I would be fine with a one dimensional lattice for the purpose of answering this question. I am trying to figure out what more general theorem (if any) gives Bloch's theorem as the number of unit cells-->infinity.
Bloch's theorem generalizes nicely to a finite size crystal if we take periodic boundary conditions (pbc). If we have pbc than the a translation by one unit cell is still a symmetry of the system and so Bloch's theorem will apply.
The only difference will be that the quasimomentum $q$ will only be allowed to take certain discrete values since the wavefunciton must periodic over the entire system. Specifically $qL = 2\pi$ where $L$ is the length of the system. This is all exactly analogous to taking a free particle and putting it in a periodic box.
Periodic boundary conditions are not physical of course (except for rings of atoms) but as with the particle in a box they give the essential structure.

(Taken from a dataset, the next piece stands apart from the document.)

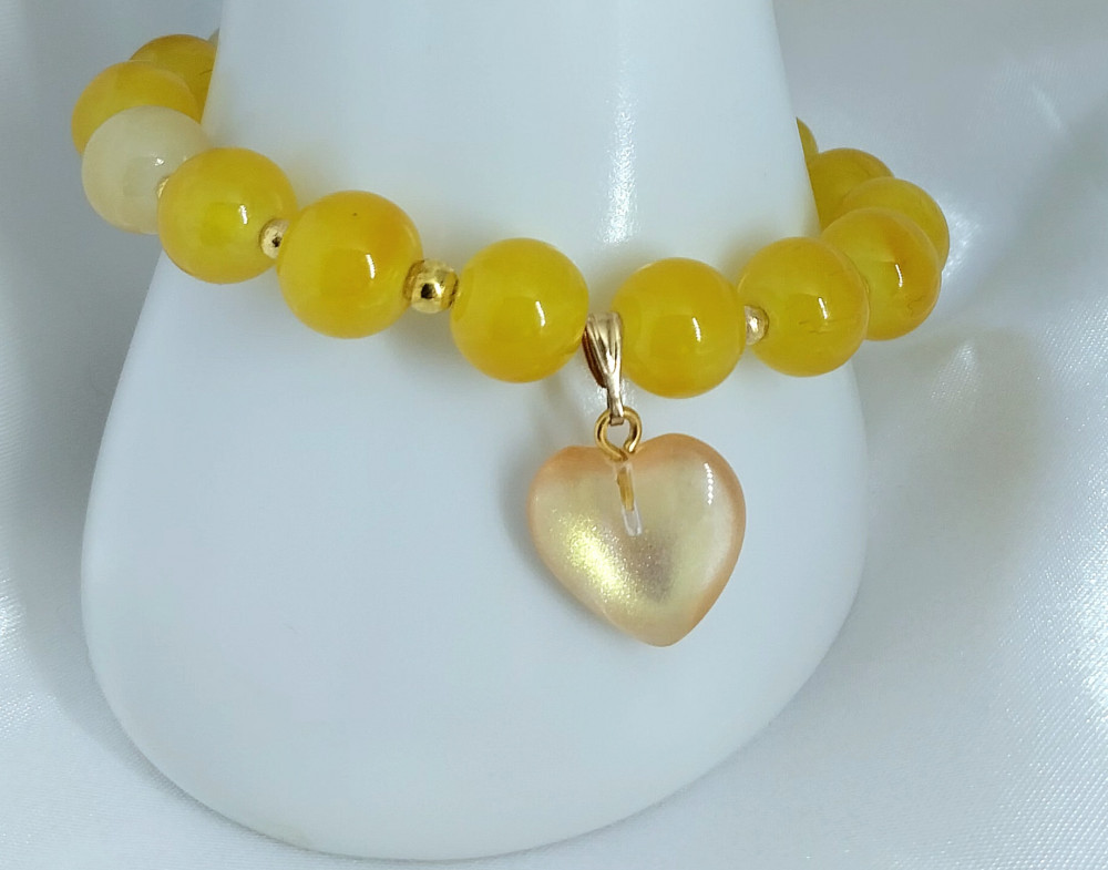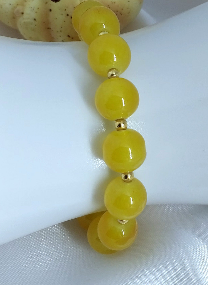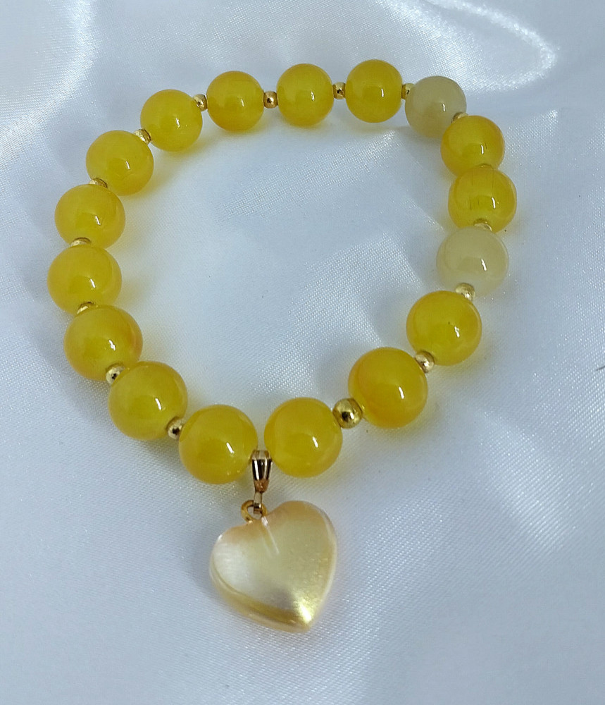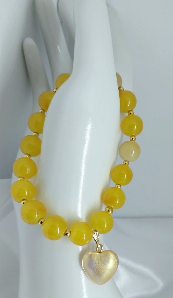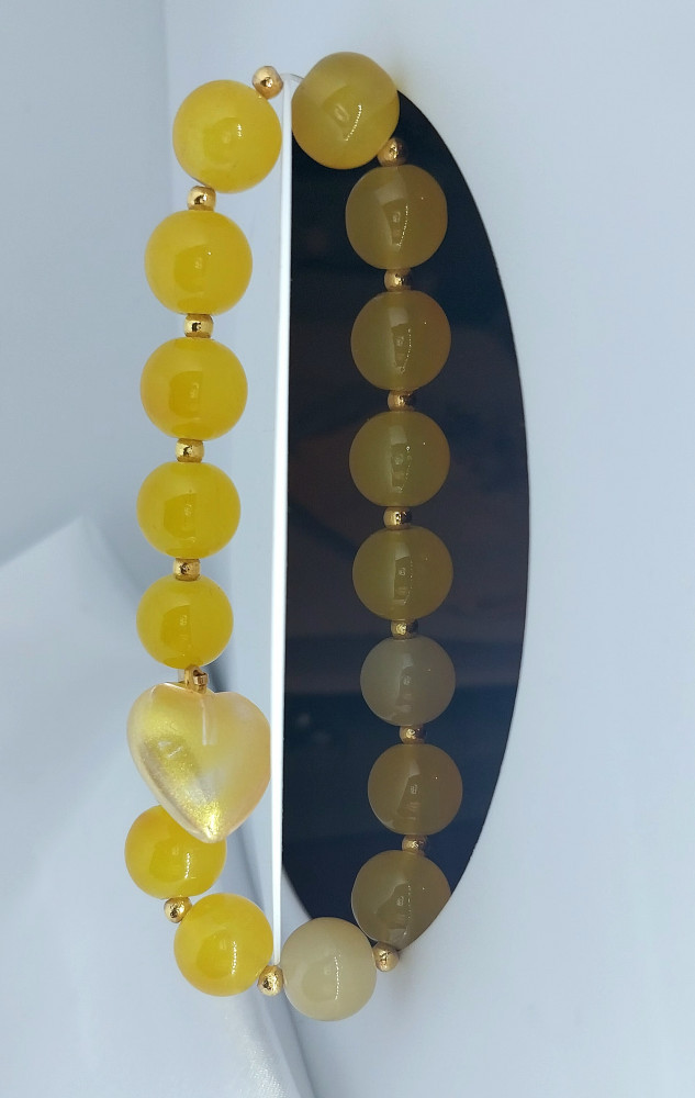 Женский браслет ручной работы из желтых бусин.

In this case the point is that the quasimomentum is still a good quantum number locally, but the energy spectrum is now discrete with energy spacing like $1/L$.
You may think this way: take a perfect infinite crystal where Bloch theorem perfectly work and add potential which makes real crystal finite. Next question you may ask how this potential is "seen" by quasiparticles which have been obtained from infinite crystal consideration. This procedure is perfectly self-consistent and is applicable in all cases.
Also, using this approach you may get some idea when Bloch theorem stops working. However, there is no definite answer to this question: it depends on which value you are interested in. If you are interested in momentum conservation, fourier spectrum of this confining potential should be small at wavevectors you consider. If you consider energy, levels spacing due to quantum confinement should be small compared to some characteristic energy, etc.